Fresco Leone d’Oro del Festival di Venezia, il film di Sofia Coppola invoglia lo spettatore alla ricerca di un gusto delicato ma non riesce a saziarlo per via di quell’impalpabilità che lascia scontenti.
Johnny Marco è un attore, diciamo senza arte ma con parte. Vive la sua vita così come porta a spasso la sua Ferrari. Gira in tondo su strade aride e spoglie, circondato dal lusso e da ogni genere di voluttà, inganna l’attesa di un’esistenza fine a se stessa con l’inerzia dorata di un cerchio lento e dolente.
I prolissi sketch inanellati all’inizio del film, riflettono l’esistenza inconcludente del protagonista.
Lo braccano emblematici ed acidi sms, inviati da una coscienza che lo fustiga fino a quando l’ex compagna non decide di parcheggiargli la figlia Cloe in procinto di cominciare il campo estivo. La vicinanza con la bimba, figura angelica sempre immersa nella luce, segna l’occasione di una tregua al “supplizio” da star di Johnny, costringendolo a guardarsi in faccia quel tanto che basta per raggiungere la consapevolezza che ogni vita, persino la sua, necessita di avere un senso.

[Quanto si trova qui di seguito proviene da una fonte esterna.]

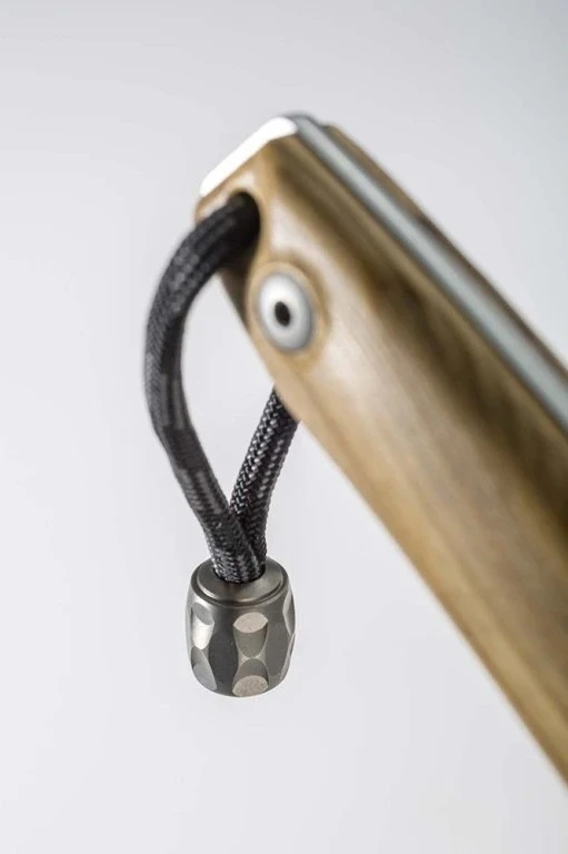 Rukojeť je u této verze vyrobena z olivového dřeva. Dřevo - tradiční materiál, který stále patří mezi nejpoužívanější na výrobu rukojetí nožů. Dřevěná rukojeť dodává noži přirozený a elegantní vzhled, rukojeti ze dřeva jsou příjemné na dotek. Nejpoužívanější typy dřeva jsou například buk (Opinel), bříza (skandinávské nože), dub, oliva, ořech, případně exotická dřeva jako bubinga, bocote, cocobolo nebo palisandr. Největší nevýhodou dřeva je náchylnost vůči vlhkosti, která se však dá zmenšit napuštěním v oleji (např. lněný olej).
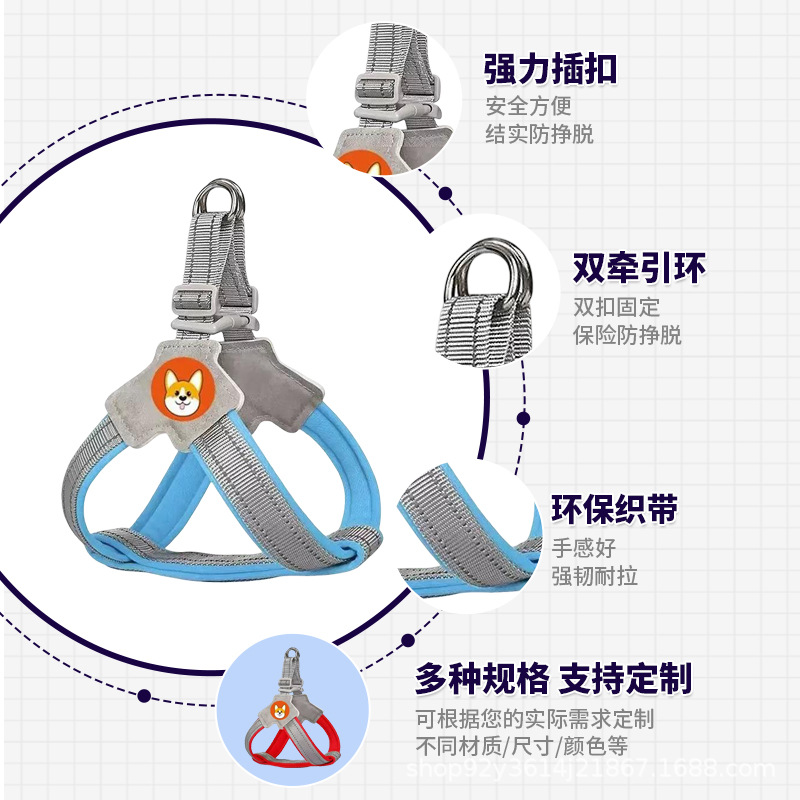 강아지 가죽끈 조끼형 애완동물 하네스 강아지 산책용 가죽끈 시바견 코기 반사 방폭형 강아지 산책용 가죽끈 하네스스토어 가기

Almeno un po’.
Sofia Coppola gira con mestiere una storia semplice e senza apparenti pretese, a metà tra il cinema indipendente ed il gusto europeo, si affida a immagini estetizzate ed a metafore più o meno sottili per compiacere lo spettatore ed immergerlo nell’ambiente lussuoso e rarefatto dei suoi personaggi. A dire la verità, personalmente, più che il cinema europeo, mi ha ricordato certi lavori di Abel Ferrara, purtroppo, però, senza quella morbosità che mantiene viva l’attenzione e la voglia di guardare. La pecca maggiore di questo Somewhere, infatti, sta nel limitarsi allo sviluppare una morale che, seppur sempre vera e sacrosanta, lasciata a se stessa appare un po’ scontata.